Our schools don’t teach us to question and explore, they teach us to memorize and regurgitate.

“New blood joins this Earth and quickly he’s subdued. Through constant pained disgrace the young boy learns their rules.” — Metallica, Unforgiven

Our society, our parents and the media don’t want us to develop our own ideas. They want robots, drones and slaves. They want to jam a pre-existing ideology down our throats at all costs.

In authoritarian societies it’s blatant and obvious. They take tiny children and train them to march and sing patriotic songs about the motherland before they have the slightest idea what country and ideology means. They’re trying to break their little minds as early as possible, bend them to the will of the state and the collective while they’re still plastic and pliable.

In advanced societies it happens as well, just more subtly.
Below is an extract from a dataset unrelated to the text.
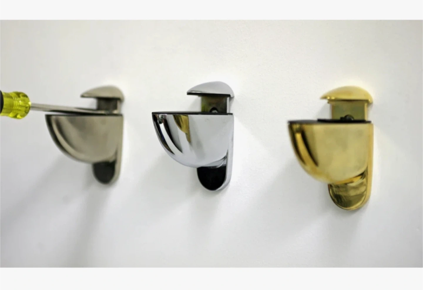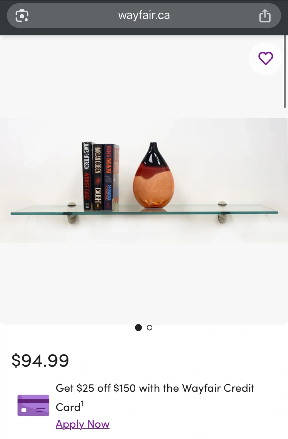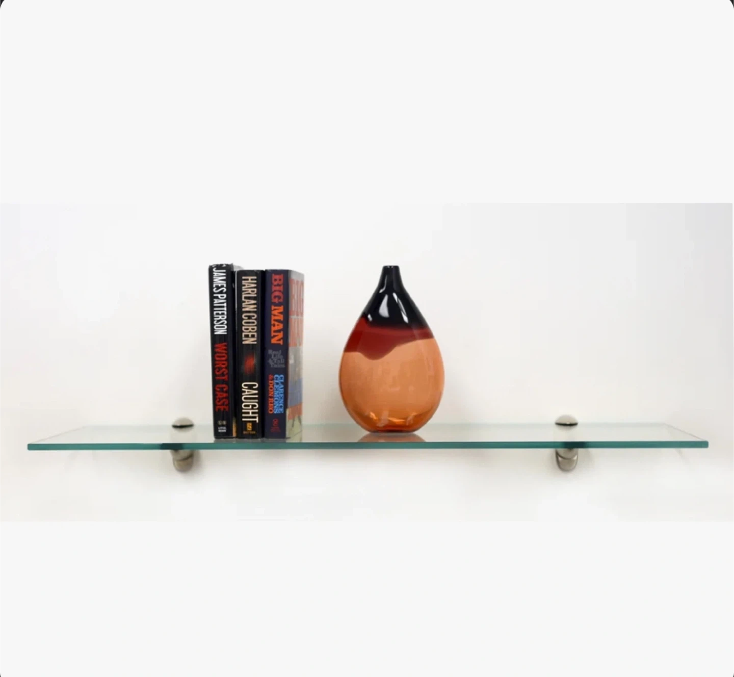 A clear glass shelf with metal brackets for mounting. It's designed to hold decorative items or books. Brackets are in chrome. Glass shelf is in great condition and ready to use! Originally 95$

We’re taught to believe in our own greatness and superiority above all else but never to question anything at all.

Greatness isn’t passed on like the color of your eyes. It’s not inherited from the great generations of the past.

It’s earned.

Every generation must renew the compact with greatness.

That’s why so many children of brilliant and powerful men and woman go on to do absolutely nothing at all. They have every advantage, genetics, money and even the spark of genius and they get nowhere.

Why?

Because they didn’t put in the work to earn it. They thought it was their divine right.
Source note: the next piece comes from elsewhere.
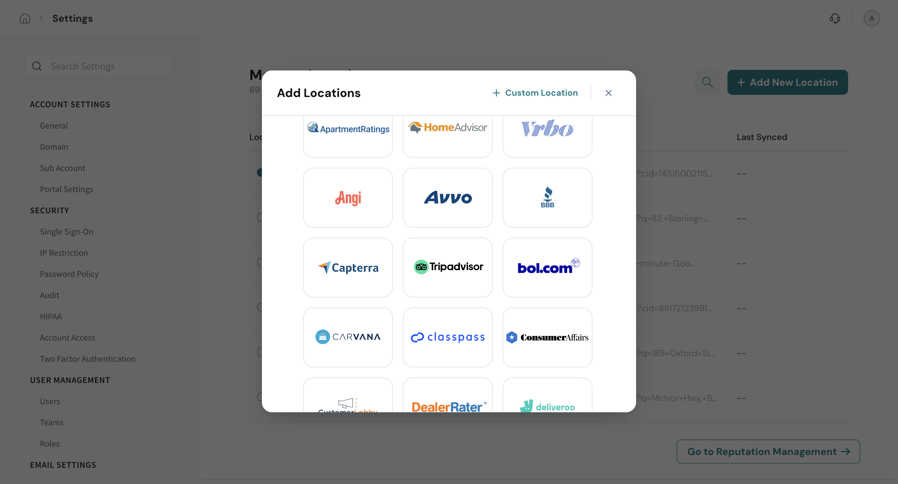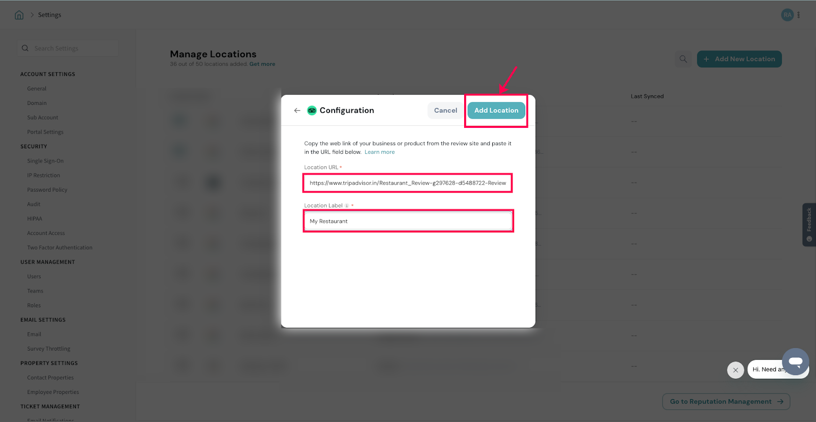 While adding the platform for Reputation Management, enter the copied link in the URL field.

Each person must earn their own statue in the pantheon of the ages.

And guess what? The greatest minds in history almost always came from average stock.

Nobody taught Edison how to make a light bulb or a radio. Tesla’s father didn’t school him on electricity. Richard Dennis, the famous turtle trader, made $200 million from $400 but his father was a blue collar guy and couldn’t have taught him commodity trading if he tried.

Every single one of those people had a relentless drive to succeed. They tried and failed and got up again when they crashed and burned. Nothing was given to them. Sure they had innate talent and maybe some special mental wiring but it was their own efforts and inquisitiveness and imagination that brought them to eternal glory.

Greatness is some kind of strange combination of nature and nurture.

But here’s the thing. You don’t know whether you have the special gift from nature. Maybe later it will become clear to you. But in the beginning nobody really knows. They just know they’re different and they want something other than what society is showing them.

So you have to act as if you’re destined for greatness. No that doesn’t mean strutting around like you’re God’s gift to the Earth.

It means demonstrating to the Universe that you mean business. It means committing to the hard work of real greatness, with humility and patience and a clear vision.

But what are the traits that mark the most brilliant minds in history? How do you develop them?

Let’s take a look.

Number One: Self Reliance

When I was little my mother loved to draw. But after years of painting pretty pictures for me she told me she was done. If I wanted more pictures I had to draw them myself.

I kicked and screamed and raged but she held tough.

She bought me pencils and paper and set me to work. That’s how I learned to create for myself. If I wanted space ships, aliens and monsters I’d have to get it done on my own.

At first I was no good. The lines never came together the way I wanted but I kept at it. Eventually I learned to draw and draw well. By high school I had the choice of whether I wanted to go to an art college or a regular college.

My mother wasn’t teaching me to draw.

What she really taught me was self reliance.

She didn’t show me how to sketch. She gave me pointers from time to time but mostly she made me figure it out through trial and error.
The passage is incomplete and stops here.